Сказал и будто осёкся.
— Сын, — нехотя подтвердил мужчина. — Бабушка, вон она лежит, рассказывала: отец, когда мама умерла, начал пить, потом на север уехал, меня бабушке оставил. Тут сестра его институт закончила и в посёлок вернулась, в школе работать. А я маленький совсем, ручонки к ней протянул: “Мама!” — кричу. Она заплакала, схватила меня на руки и говорит: “Я его никому на свете не отдам”. Бабушка заставила отца согласие подписать, чтоб мама меня усыновила. Он, кажется, даже алименты платил. А то, что мама моя настоящая здесь, я лет до тринадцати и не знал вовсе.
В этот раз некоторое время молчали оба. Потом старик проворчал:
— Нечасто ты родину проведаешь.
— А чего мне тут делать? С мамой у нас полный бардак и непонимание. Что бы я ни начинал, ни разу от неё поддержки не было.
— Странно, Надежда Леонтьевна — человек хороший, уважаемый. Добрую половину Студёного Ключа воспитала. Её тут очень ценят и любят.
— Чего ж тут странного? И ценят, и уважают. Учителя, они всегда так. У них на всех время есть, кроме своих детей. А ещё они привыкли, что всегда правы. Спорить, доказывать что-либо бесполезно. Вот и растёт непонимание. Приезжаю — она своим делом занимается, я своим. Даже не разговариваем, бывает. “Здравствуй!” — при встрече, — “до свидания!” — уезжая. Вот и всё.
— Значит, ты мать потерял, маму ищешь? Может, тебе любви не хватает?
— Любви? — переспросил Владимир и усмехнулся. — Да, нет, с любовью у меня как раз полный порядок. Мужик я состоятельный. Таких, как я, любят, на шею вешаются, прям спасу нет.
Сторож рассердился:
— Дурак-человек, ему о любви говорят, а он о распутстве.
— Ты, старик, потише давай. Я не привык, чтоб со мной так.
— Посмотрите, какой сердитый! Скажи, я и уйти могу.

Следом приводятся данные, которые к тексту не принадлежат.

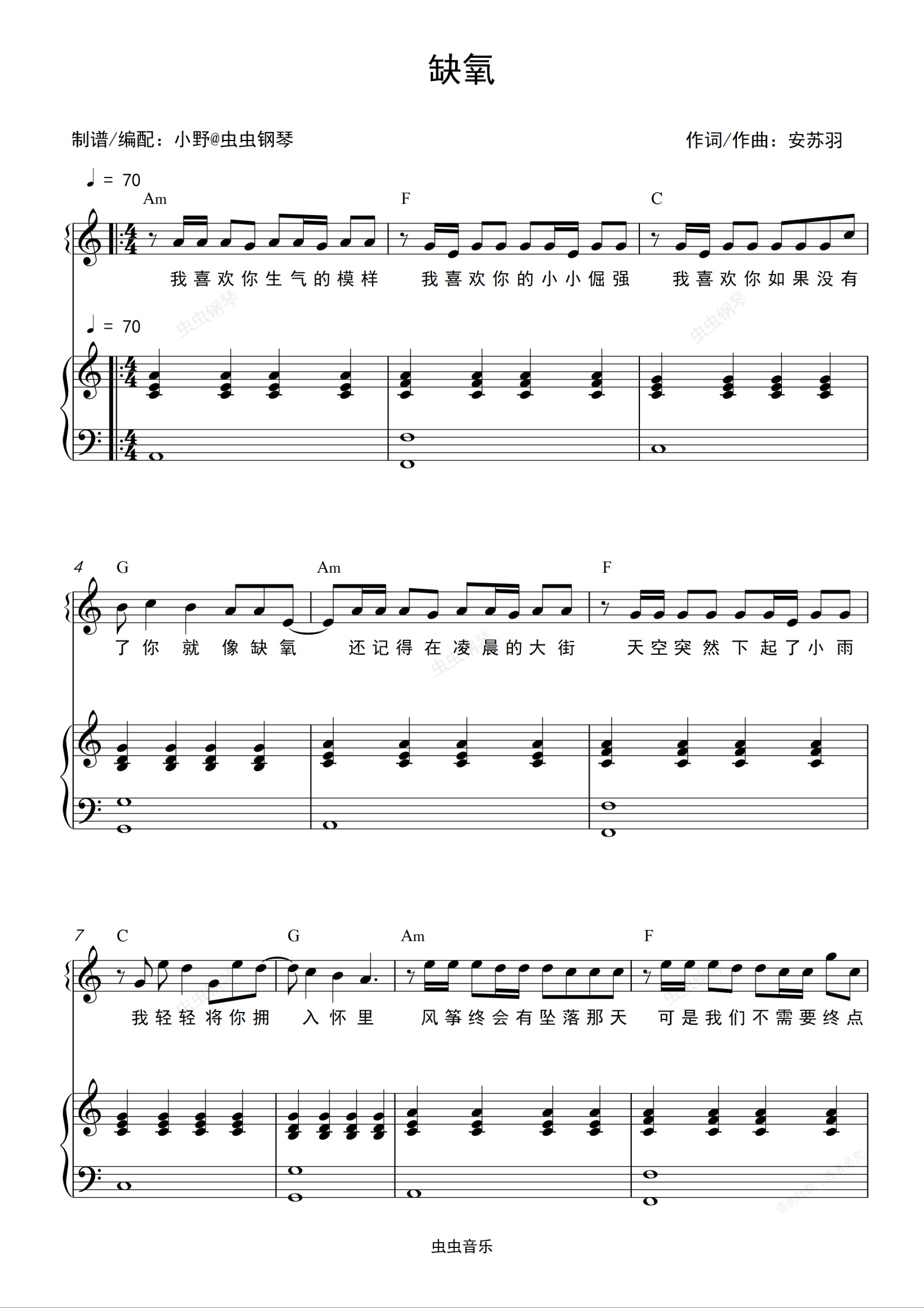 钢琴谱:缺氧(a小调和弦弹唱版)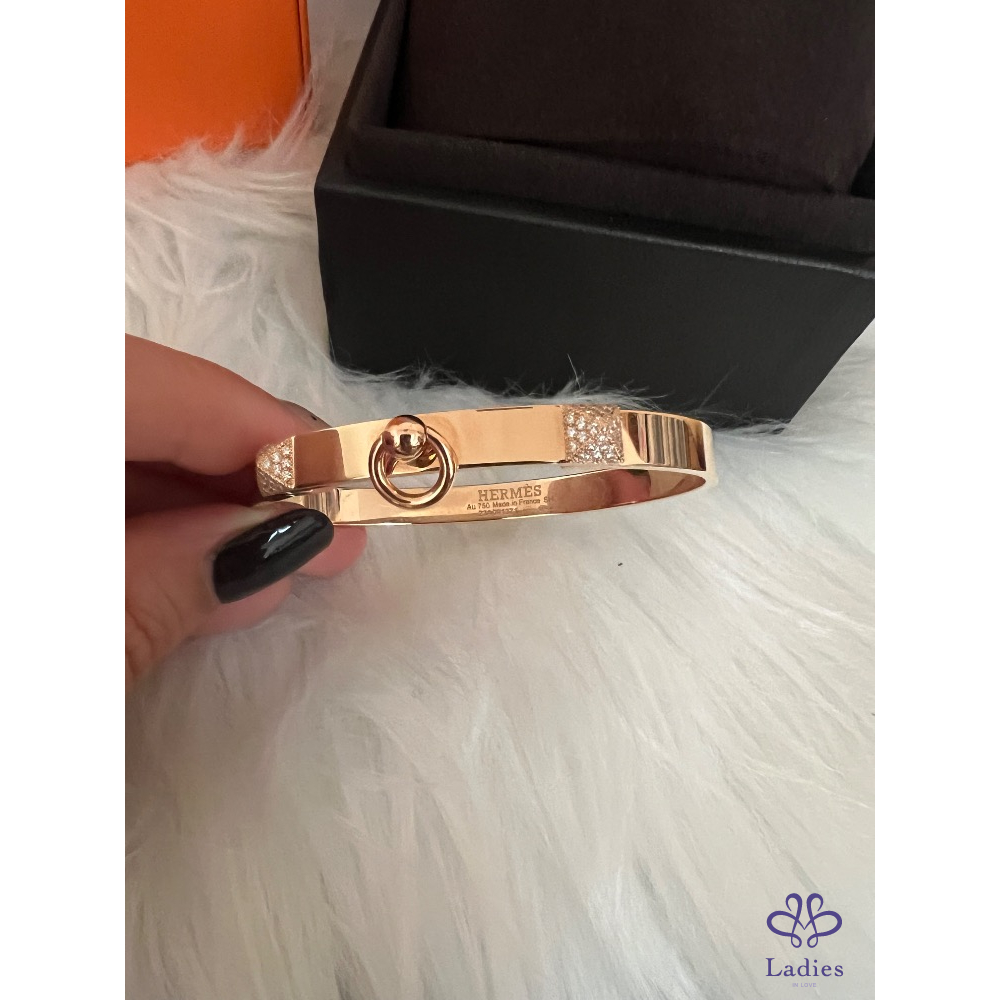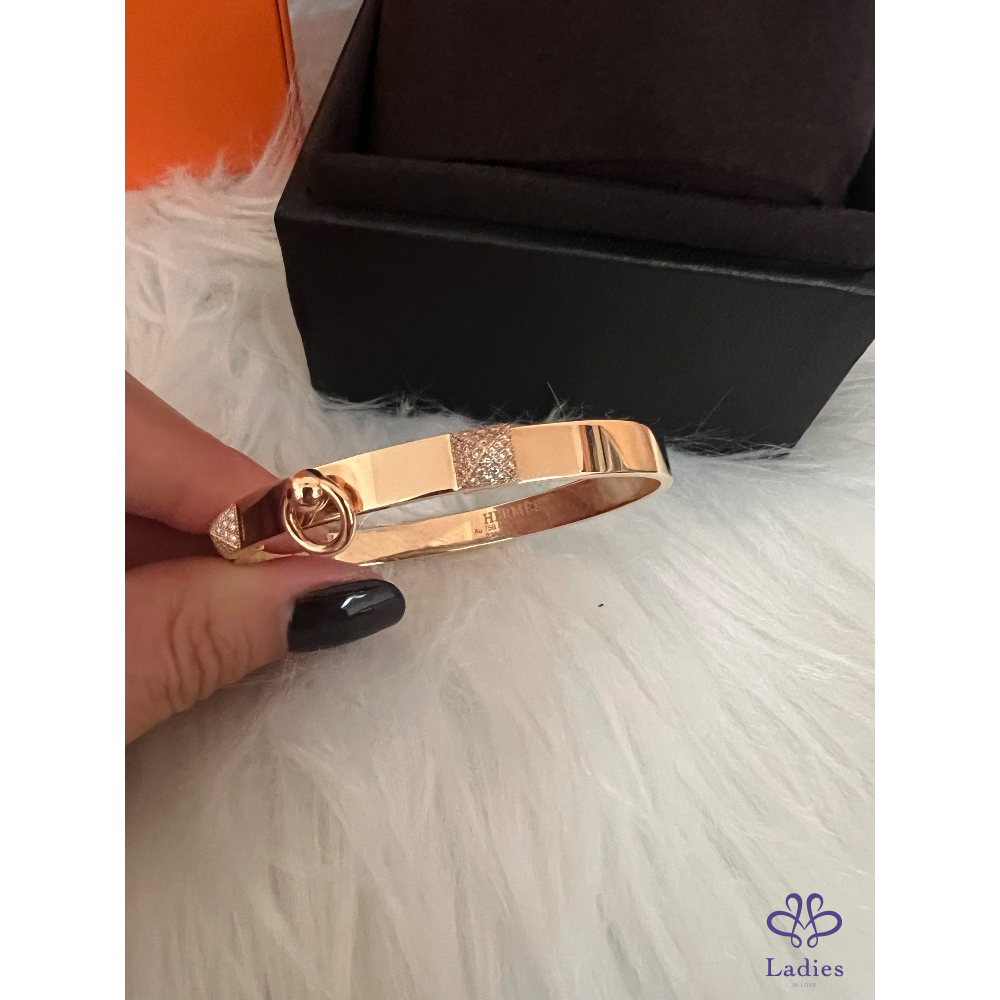 售9.5新Hermes CDC玫瑰金半鑽手環SH

— Нет, постой! — улыбнулся Владимир. — Хорошо с тобой, как тогда, в церкви. Ругайся, так поживее будто.
Мужики снова выпили.
— А я ведь знал мать-то твою. И отца твоего знал. Молодыми их помню.
— До работы в школе?
— Я про Лильку, чудак! Красивая была татарочка. Скулы-то у тебя вон какие! Её.
— А-а-а... ты про настоящую мать.
— Ты совсем придурошный, что ли? Надежда-то тебе — ненастоящая?
Владимир насупился, ему стало неловко за вырвавшееся словцо.
— Я и Надюху знал. Тоже хороша была. А умница какая! Хохотушка, не то, что сейчас. Всю жизнь свою тебе отдала.
— Я знаю, — тихо произнёс Владимир.
— А знаешь, так и не кочевряжься. Обе они настоящие, обе родные. Обе любили тебя, дурака, больше жизни. У одной ты желанным был, у другой — ненаглядным, и обеим — родным. Лилия смотрит сейчас оттуда на Надежду, и хорошо ей, поверь, от того, что та её заменила, а не кто-нибудь другой. Пойди к матери и поговори с ней. Найди о чём. Главное — не тема, главное — слова ласковые. Уж она от тебя их ждёт не дождётся. Я знаю.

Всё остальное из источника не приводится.